* _Your goal_: Would you transcribe the records below from the line with "To enable quick, effective, private" to the line with "Content Description: a", ends included, exactly and with nothing more, leaving the pictures out?
........
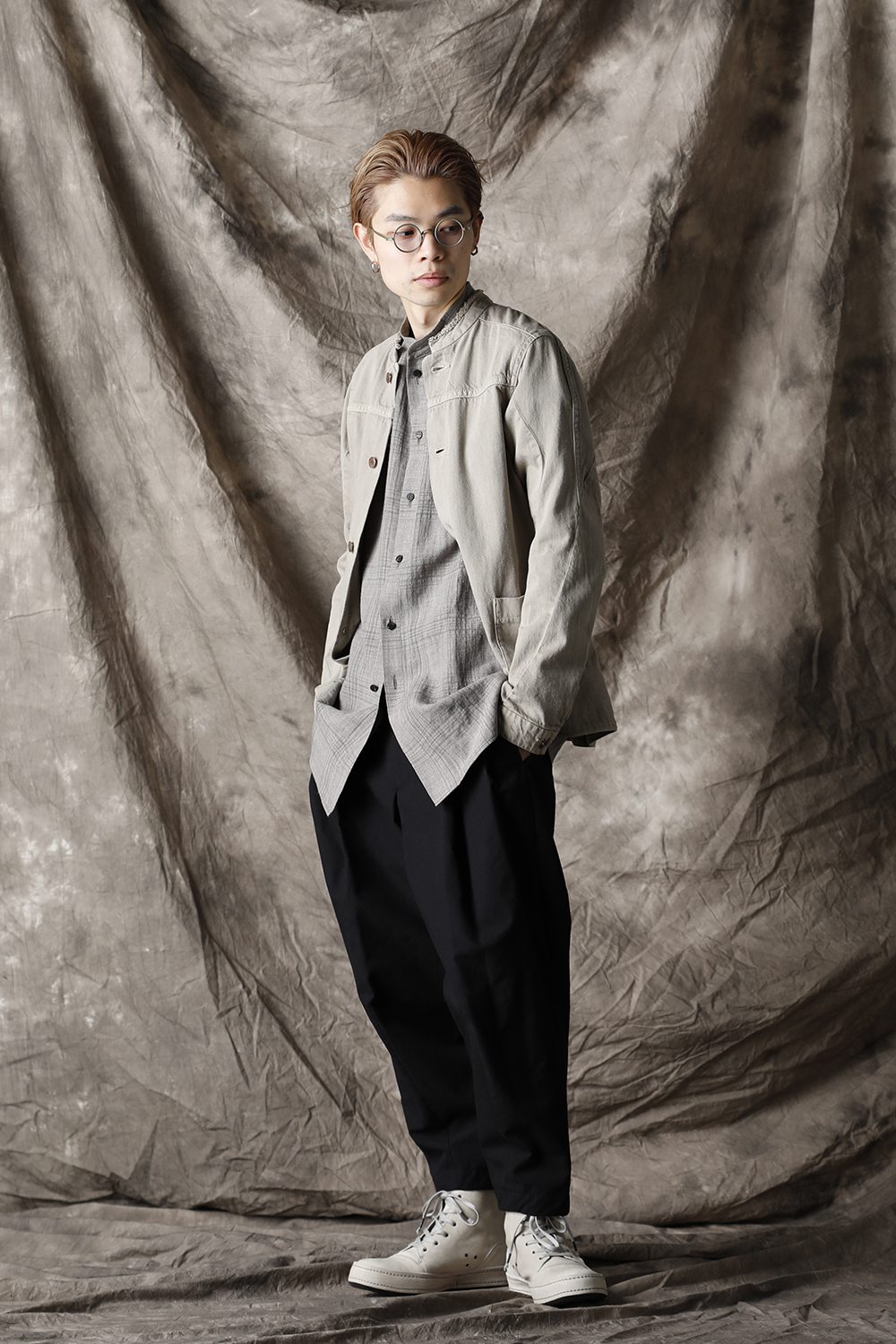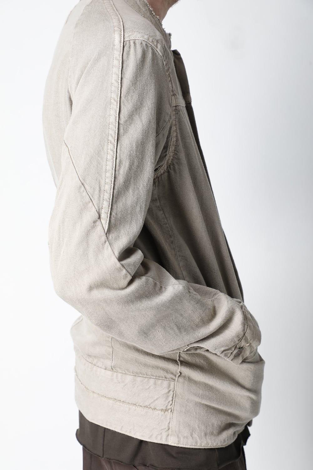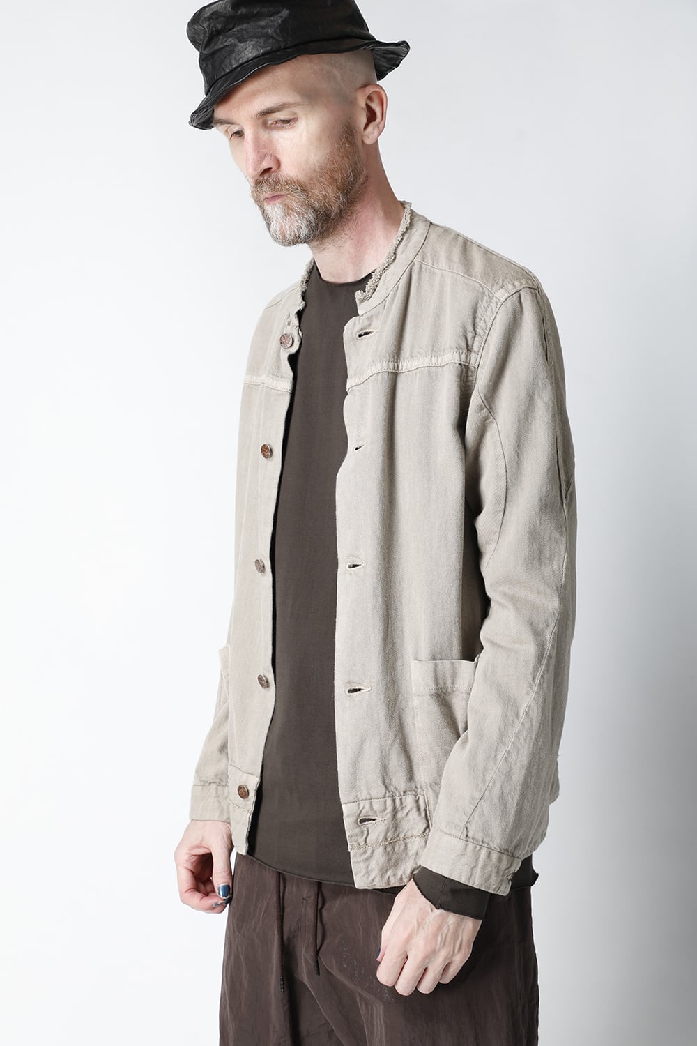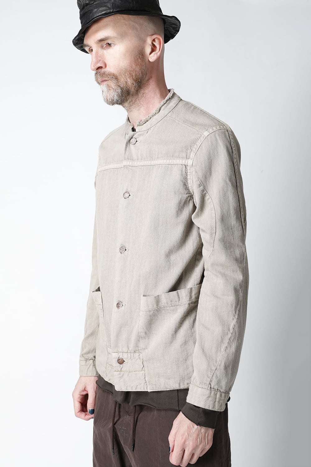 A denim jacket with a regular fit silhouette that uses 8oz denim dyed beige with the warp (unstained) and weft (threne dyed).
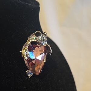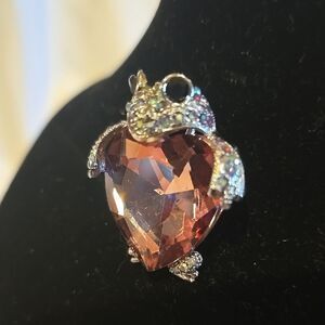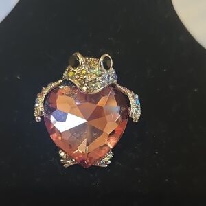 Charming frog brooch featuring a pink heart-shaped gem. Perfect for adding a playful touch to any outfit. Can be worn with Chain also. Chain sold seprately.
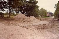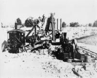 Photo of a steam powered conveyor belt being used in either a gravel pit or quarry. Two labourers are visible standing, IHS173
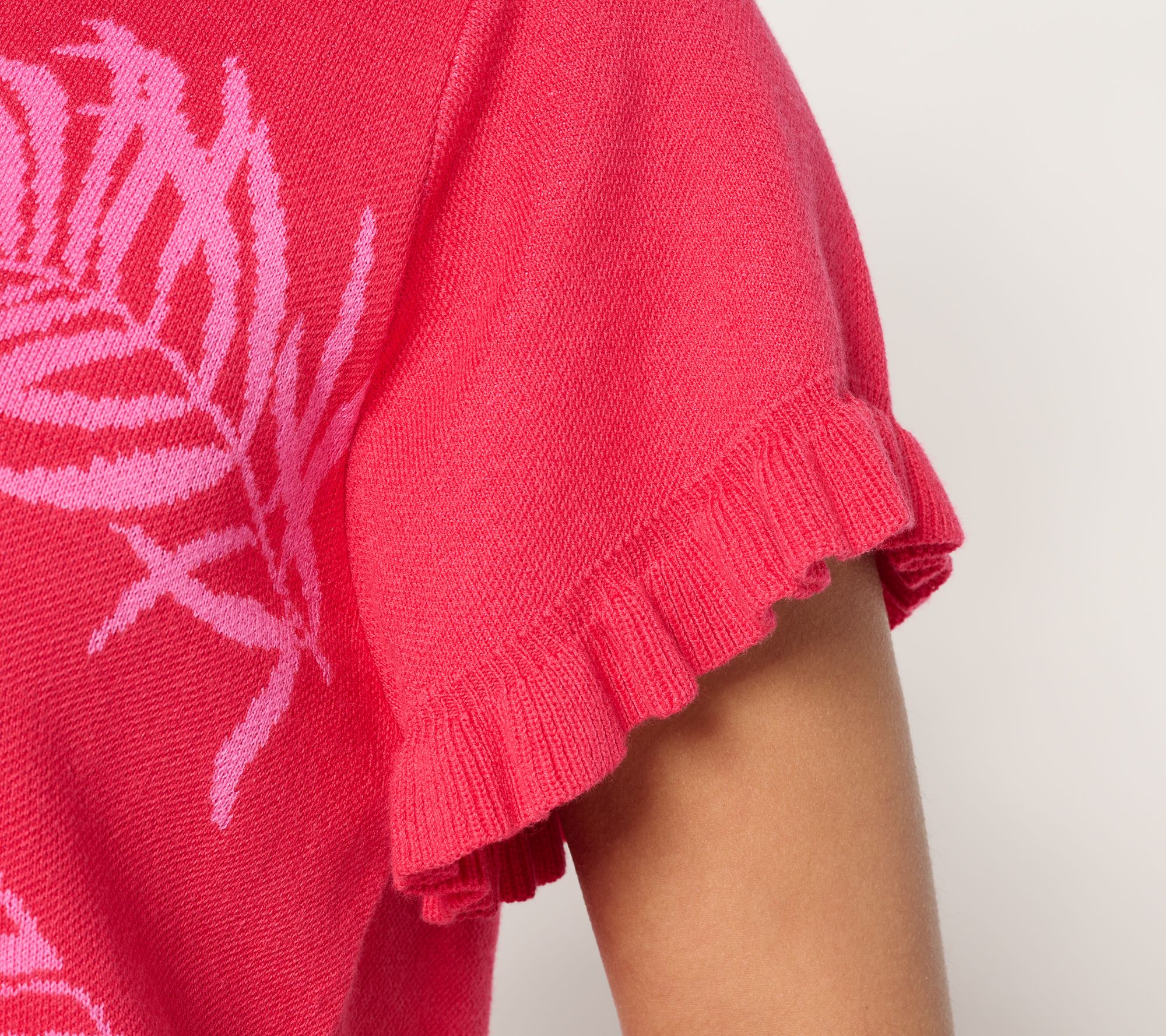 • Features: short flutter sleeves, jacquard, ribbing at neck and bottom hem
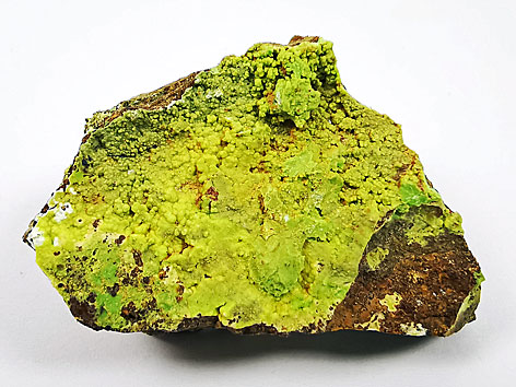 trigonales Kristallsystem; hellgrün, gelbgrün bis olivgrün; meist als traubig-nierige bis massige oder erdig matte Aggregate oder als Krusten; selten kleine, rhomboedrische Kristalle bis etwa 0,6 mm Länge mit einem glasähnlichen Glanz auf den Oberflächen. |
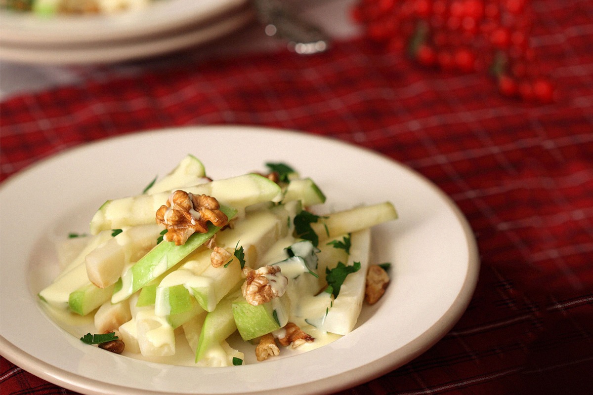 Κλασική αμερικανική σαλάτα, η οποία πρωτοπαρουσιάστηκε το 1893 στο ξενοδοχείο «Waldorf astoria», απ’ όπου πήρε και τ’ όνομά της.
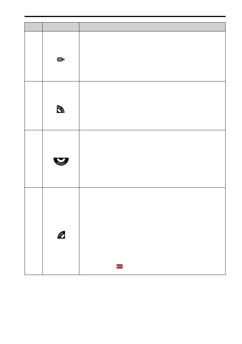 Leuchtet: Der Frequenzumrichter ist in Betrieb oder ist betriebsbereit.
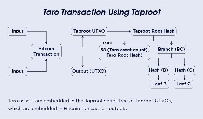 To enable quick, effective, private retrieval and modifications to the witness/transaction data and to demonstrate legitimate conservation/non-inflation, TARO utilizes a Merkle-Sum Tree and a Sparse-Merkle Tree. When put into a channel on the Lightning Network, assets can be moved via on-chain transactions.
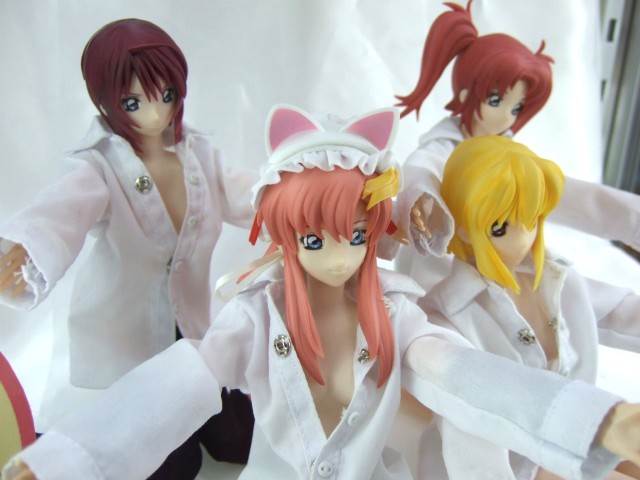 キャラシティ5Fでは、メガハウスのアクションフィギュアの「ルナマリア」(AA)(参考レビュー)、「ラクス」(AA)(参考レビュー)、「メイリン」(AA)(参考レビュー)、「ステラ」(AA)4種に、「葉月」(AA)付属のワイシャツを着せた展示が開始しています。
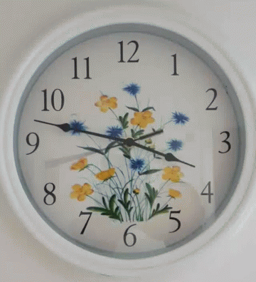 Content Description: a clock with yellow and blue flowers on the face shows the time as 4:20
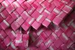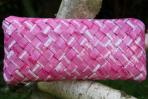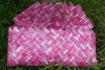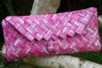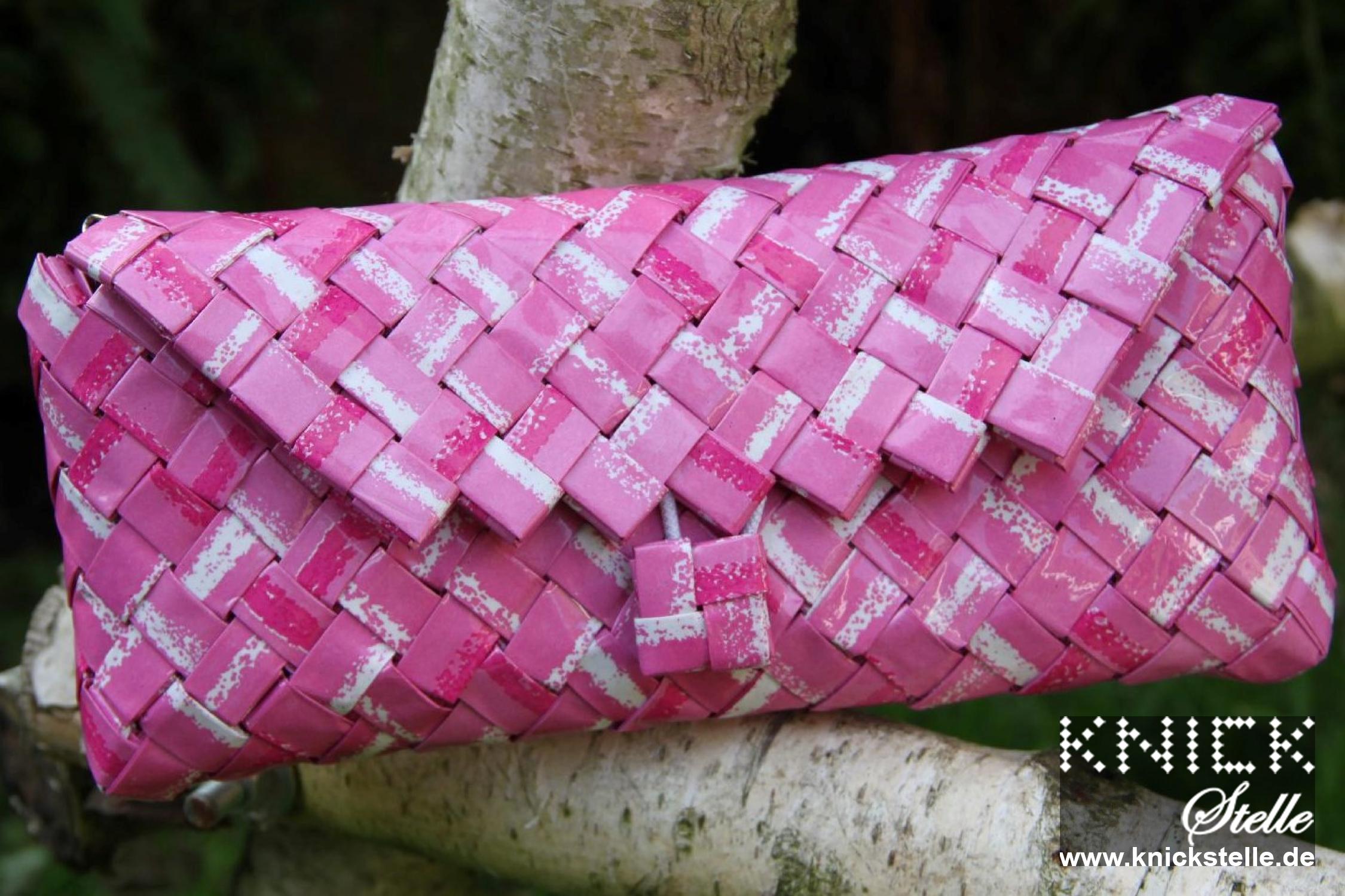 Eine ganz feminine Begleiterin ist mit der Clutch "Unstrut" entstanden. Das besondere Muster entsteht durch die Verwendung von einem rosafarbenen Papier mit weißen und dunkelrosafarbenen Streifen. Da der Druck dieser Streifen leicht gebrochen ist, wirkt die Tasche sehr sanft und etwas verspielt. Passend zum hohen weiß-Anteil der Clutch hat sie eine silberne Trägerkette.
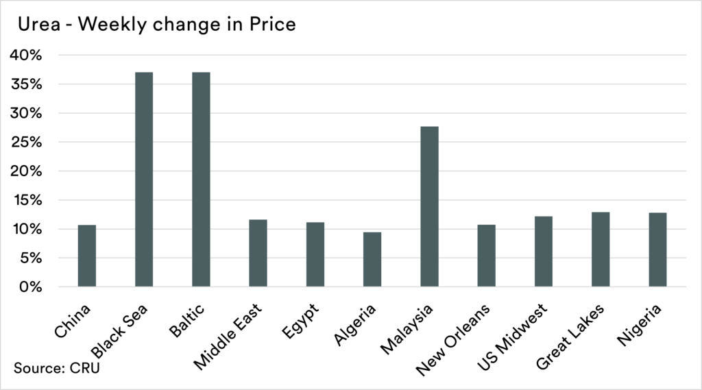 The second chart below shows the change in the average price of Urea around the world on a week-on-week basis.
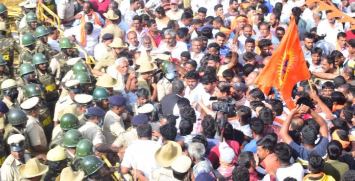 #WATCH | Karnataka: BJP and JDS workers hold protest in Keragodu village, Mandya over the Hanuman flag hoisted by the Gram Panchayat Board of Mandya district, which was brought down by the district administration, yesterday.
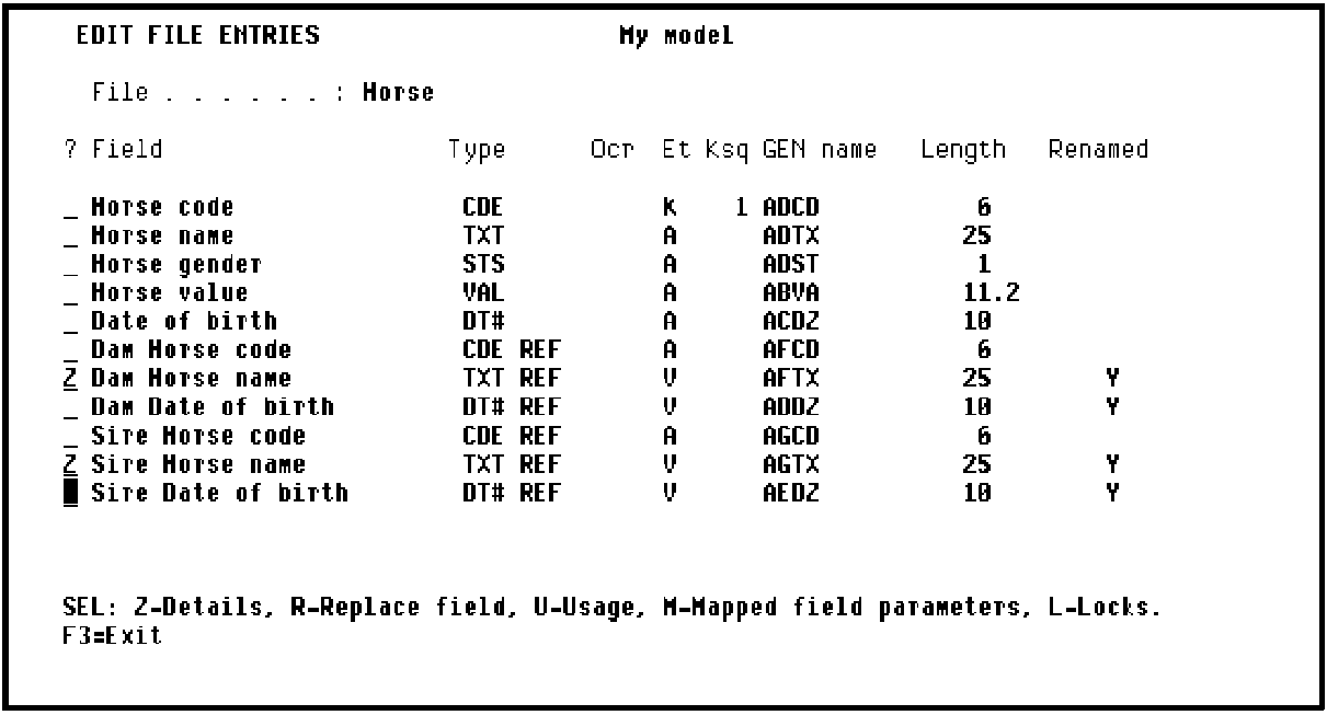 To select the fields to be renamed you will zoom against the relevant fields on the Edit File Entries panel. Type Z to select the fields to be renamed.
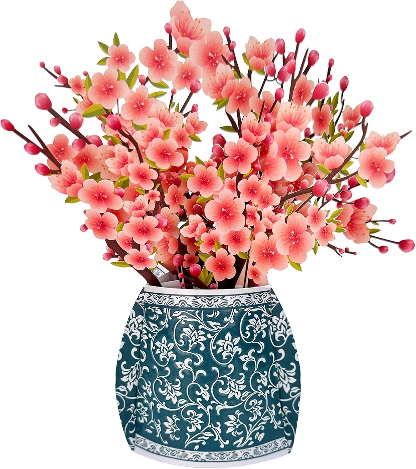Hierein Pop up Birthday Cards for Women, Blue and White Porcelain Vase 3D Popup
........
* _Task output_:
 To enable quick, effective, private retrieval and modifications to the witness/transaction data and to demonstrate legitimate conservation/non-inflation, TARO utilizes a Merkle-Sum Tree and a Sparse-Merkle Tree. When put into a channel on the Lightning Network, assets can be moved via on-chain transactions.
 キャラシティ5Fでは、メガハウスのアクションフィギュアの「ルナマリア」(AA)(参考レビュー)、「ラクス」(AA)(参考レビュー)、「メイリン」(AA)(参考レビュー)、「ステラ」(AA)4種に、「葉月」(AA)付属のワイシャツを着せた展示が開始しています。
 Content Description: a clock with yellow and blue flowers on the face shows the time as 4:20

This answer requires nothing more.